### Problem details
Within the entries below, find the portion that opens with the line containing "نظم المكتب الوطني" and closes with the line containing "Jemima Puddle-duck was". Retype that portion exactly and only.

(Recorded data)

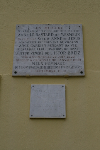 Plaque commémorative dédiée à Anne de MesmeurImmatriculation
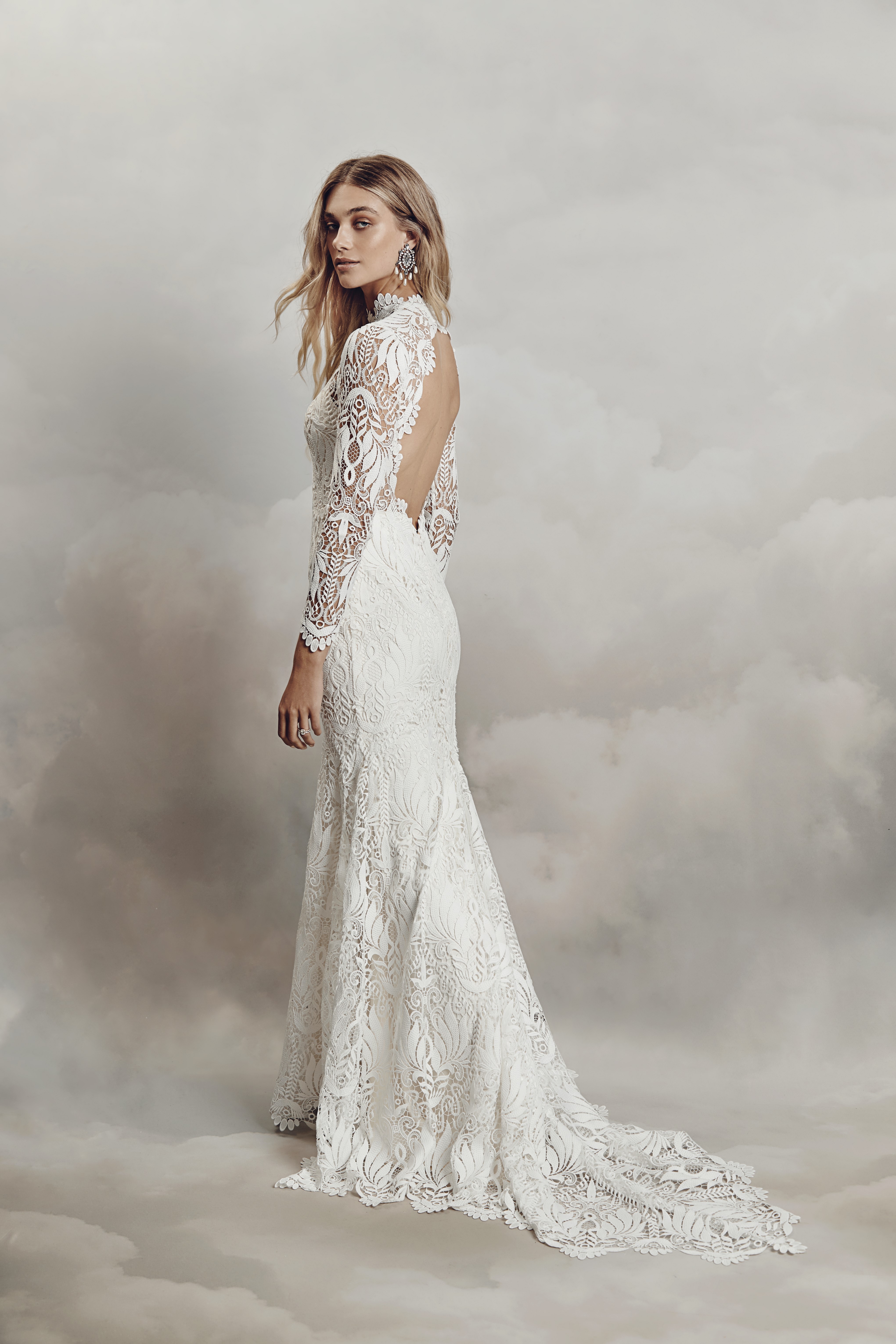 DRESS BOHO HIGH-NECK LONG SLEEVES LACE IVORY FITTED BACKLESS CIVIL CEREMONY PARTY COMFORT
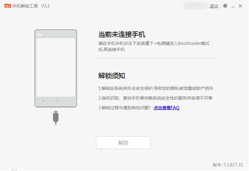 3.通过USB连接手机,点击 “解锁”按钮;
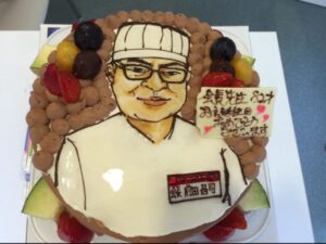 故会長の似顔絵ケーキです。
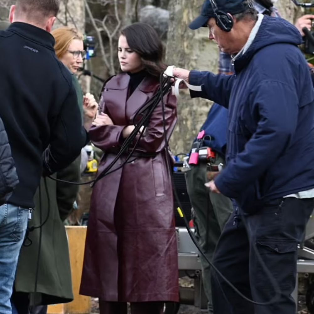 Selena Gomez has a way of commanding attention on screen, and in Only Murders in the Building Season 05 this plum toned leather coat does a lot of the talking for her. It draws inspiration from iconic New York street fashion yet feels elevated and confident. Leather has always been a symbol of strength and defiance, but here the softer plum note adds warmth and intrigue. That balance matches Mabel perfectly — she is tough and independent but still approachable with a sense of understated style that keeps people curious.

* * *

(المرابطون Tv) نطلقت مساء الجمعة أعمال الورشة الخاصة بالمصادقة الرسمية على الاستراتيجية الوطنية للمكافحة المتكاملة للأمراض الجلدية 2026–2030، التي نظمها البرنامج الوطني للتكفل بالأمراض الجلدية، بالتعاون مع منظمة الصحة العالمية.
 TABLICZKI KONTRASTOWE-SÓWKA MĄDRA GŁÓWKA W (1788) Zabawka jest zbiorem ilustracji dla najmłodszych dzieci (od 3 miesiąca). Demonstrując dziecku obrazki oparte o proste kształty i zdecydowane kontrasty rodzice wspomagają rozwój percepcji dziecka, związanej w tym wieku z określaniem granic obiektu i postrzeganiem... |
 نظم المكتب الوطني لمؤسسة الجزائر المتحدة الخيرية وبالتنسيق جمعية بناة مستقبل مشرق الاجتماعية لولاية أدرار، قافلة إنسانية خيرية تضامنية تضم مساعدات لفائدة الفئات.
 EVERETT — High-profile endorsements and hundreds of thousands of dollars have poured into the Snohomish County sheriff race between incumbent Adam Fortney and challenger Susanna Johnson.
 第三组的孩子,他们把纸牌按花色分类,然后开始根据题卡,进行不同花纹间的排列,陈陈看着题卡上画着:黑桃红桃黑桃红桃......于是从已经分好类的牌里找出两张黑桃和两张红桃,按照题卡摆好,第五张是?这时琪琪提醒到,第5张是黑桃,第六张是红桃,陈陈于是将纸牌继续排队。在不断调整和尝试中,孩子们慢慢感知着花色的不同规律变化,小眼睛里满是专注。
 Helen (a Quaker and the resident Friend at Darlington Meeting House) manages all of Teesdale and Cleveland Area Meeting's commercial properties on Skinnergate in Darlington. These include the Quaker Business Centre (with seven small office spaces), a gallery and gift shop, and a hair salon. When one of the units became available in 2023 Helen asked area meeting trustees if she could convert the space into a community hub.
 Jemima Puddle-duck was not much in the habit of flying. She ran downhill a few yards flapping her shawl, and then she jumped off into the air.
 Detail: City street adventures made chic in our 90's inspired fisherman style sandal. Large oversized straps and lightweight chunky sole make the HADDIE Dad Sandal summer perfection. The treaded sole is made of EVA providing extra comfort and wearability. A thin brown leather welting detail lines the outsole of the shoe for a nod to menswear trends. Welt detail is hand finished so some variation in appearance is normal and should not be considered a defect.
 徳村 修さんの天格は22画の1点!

### Final answer
 نظم المكتب الوطني لمؤسسة الجزائر المتحدة الخيرية وبالتنسيق جمعية بناة مستقبل مشرق الاجتماعية لولاية أدرار، قافلة إنسانية خيرية تضامنية تضم مساعدات لفائدة الفئات.
 EVERETT — High-profile endorsements and hundreds of thousands of dollars have poured into the Snohomish County sheriff race between incumbent Adam Fortney and challenger Susanna Johnson.
 第三组的孩子,他们把纸牌按花色分类,然后开始根据题卡,进行不同花纹间的排列,陈陈看着题卡上画着:黑桃红桃黑桃红桃......于是从已经分好类的牌里找出两张黑桃和两张红桃,按照题卡摆好,第五张是?这时琪琪提醒到,第5张是黑桃,第六张是红桃,陈陈于是将纸牌继续排队。在不断调整和尝试中,孩子们慢慢感知着花色的不同规律变化,小眼睛里满是专注。
 Helen (a Quaker and the resident Friend at Darlington Meeting House) manages all of Teesdale and Cleveland Area Meeting's commercial properties on Skinnergate in Darlington. These include the Quaker Business Centre (with seven small office spaces), a gallery and gift shop, and a hair salon. When one of the units became available in 2023 Helen asked area meeting trustees if she could convert the space into a community hub.
 Jemima Puddle-duck was not much in the habit of flying. She ran downhill a few yards flapping her shawl, and then she jumped off into the air.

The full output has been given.